Policy gradients form the backbone of many modern RL algorithms, including Actor-Critic, DDPG, PPO, TRPO, and SAC, offering flexibility and scalability in complex tasks like robotic control, games, and simulated environments. However, policy gradient methods are not without challenges—issues such as high variance in gradient estimates and sample inefficiency are well-known. To understand the core idea behind this family of methods, we begin with the most basic and historically significant example: REINFORCE, a Monte Carlo-based algorithm that illustrates how policy gradients can be estimated using sampled trajectories.

• REINFORCE

  

  The REINFORCE algorithm is an on-policy algorithm. By collecting \(N\) rollout trajectories, it estimates the policy gradient and optimizes the expected return of a parameterized stochastic policy. Let \(\pi_\theta(a \mid s)\) denote a policy that defines a distribution over actions given a state, with parameters \(\theta\). The objective is to maximize the expected cumulative reward:

  \[J(\theta) = \mathbb{E}_{\tau \sim \pi_\theta} \left[ R(\tau) \right]\]

  where \(\tau = (s_0, a_0, s_1, a_1, \ldots)\) denotes a trajectory sampled from the environment following policy \(\pi_\theta\), and \(R(\tau)\) is the total return collected along the trajectory.

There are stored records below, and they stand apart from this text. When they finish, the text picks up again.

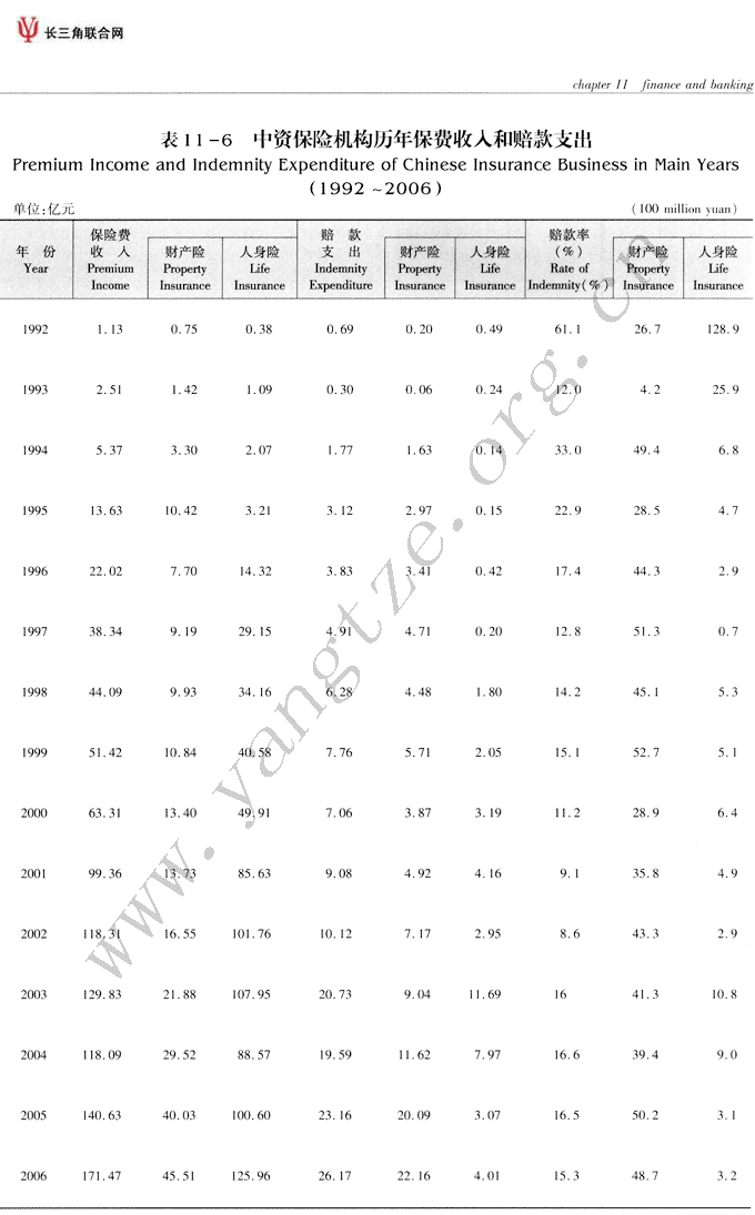 中资保险机构历年保费...
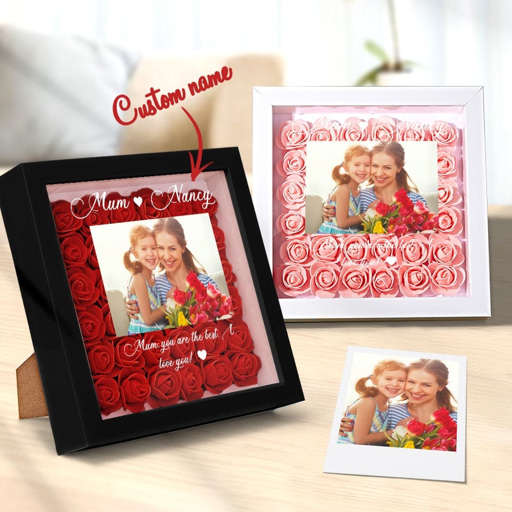 Surprise your loved one with this beautiful, personalized flower shadow box. You can customize it with the picture of you and mom, names and custom text to keep your special memories. Show your love with our beautiful roses with varied styles and colors available.
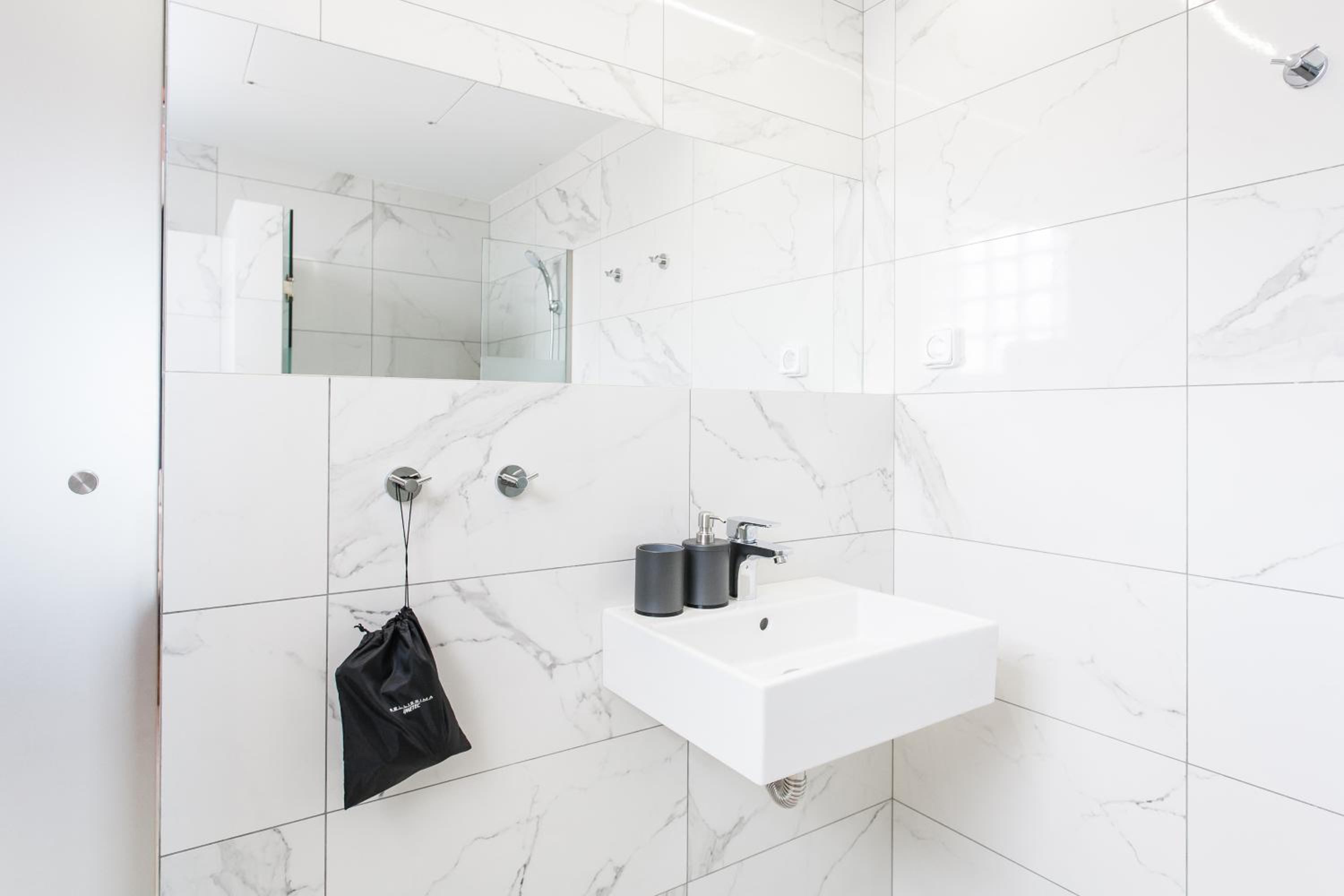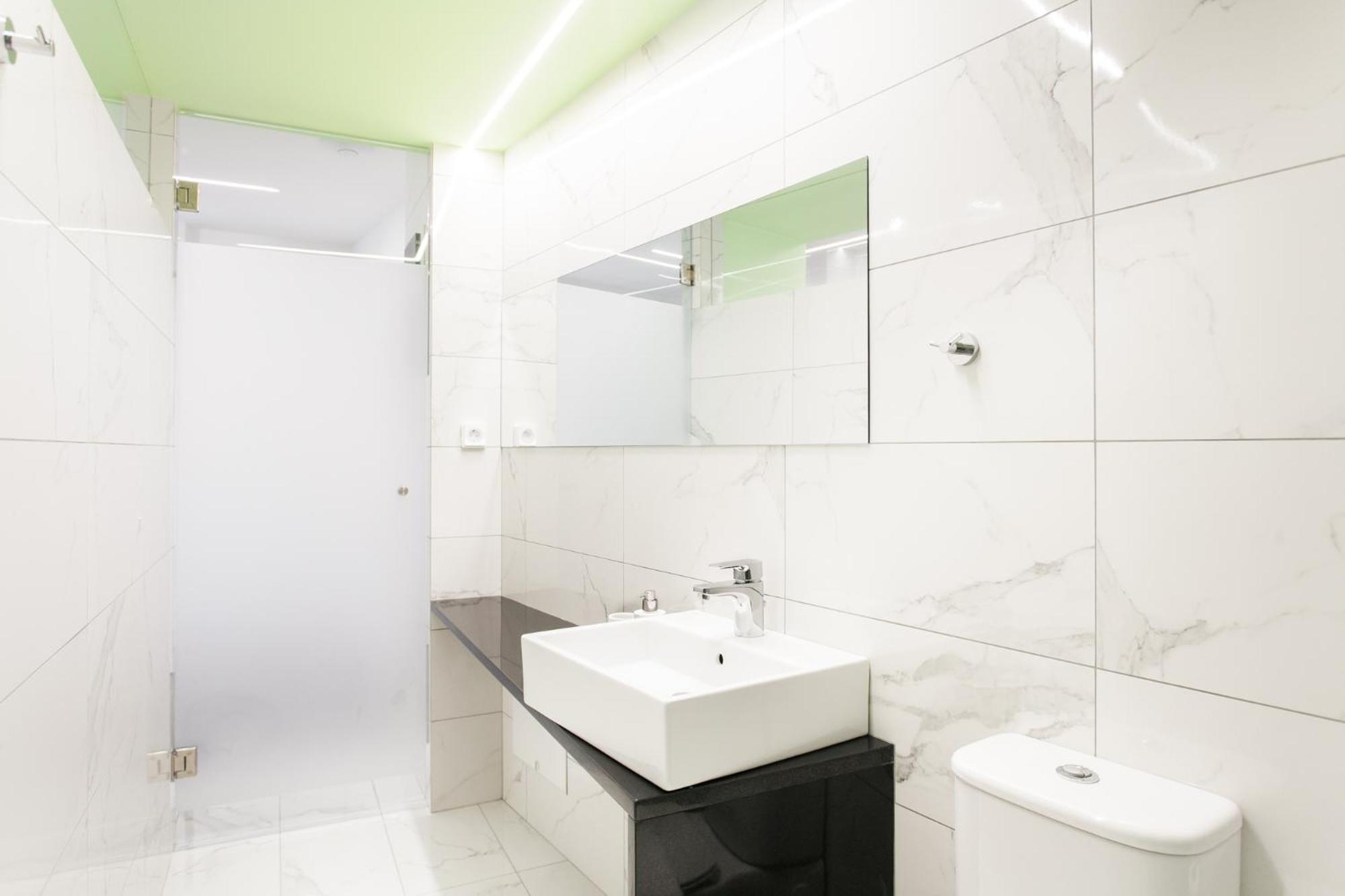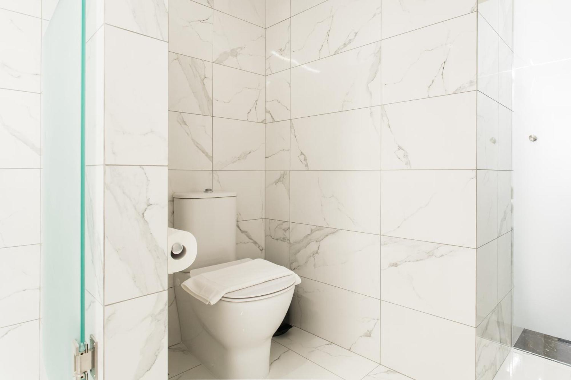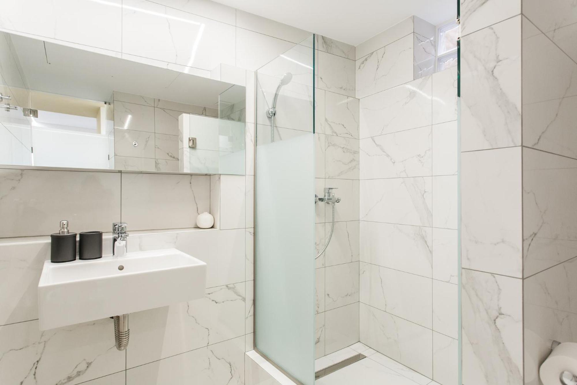 Modern apartment, strong efficient A/C, streaming TV services (Netflix) and spacious bathrooms. The TV appears small but has exceptional HD–movie was enjoyable. The bedroom's wardrobe were great to have, as well as an outlet adaptor, which I forgot to bring. The neighborhood was quiet and within walking distance to a few restaurants and grocery stores. They also provided a map of the area, including points of interest, which was thoughtful. The staff were very friendly; check-in and check-out was a breeze.

  Using the log-derivative trick, the gradient of the objective can be expressed as:

  \[\nabla_\theta J(\theta) = \mathbb{E}_{\tau \sim \pi_\theta} \left[ \sum_{t=0}^{T} \nabla_\theta \log \pi_\theta(a_t \mid s_t) \cdot R_t \right]\]

  where \(R_t = \sum_{\tau=t}^{T} \gamma^{\tau - t} r_\tau\) is the return from timestep \(t\), and \(\gamma \in [0,1]\) is the discount factor.

  In practice, this expectation is approximated using \(N\) trajectories:

  \[g_t \approx \frac{1}{N} \sum_{n=1}^{N} \sum_{t=0}^{T} \nabla_\theta \log \pi_\theta(a_{t,n} \mid s_{t,n}) \cdot G_{t,n}\]

  where \(G_{t,n}\) is the empirical return from time \(t\) for the \(n^\text{th}\) trajectory. The policy parameters are then updated via gradient ascent:

  \[\theta \leftarrow \theta + \alpha \cdot g_t\]

  Despite its theoretical elegance and unbiased gradient estimates, REINFORCE suffers from high variance and delayed updates, as gradients can only be computed after full trajectory rollouts. These drawbacks motivate subsequent algorithms like Actor-Critic and Proximal Policy Optimization (PPO), which improve learning stability through value function baselines and clipped surrogate objectives.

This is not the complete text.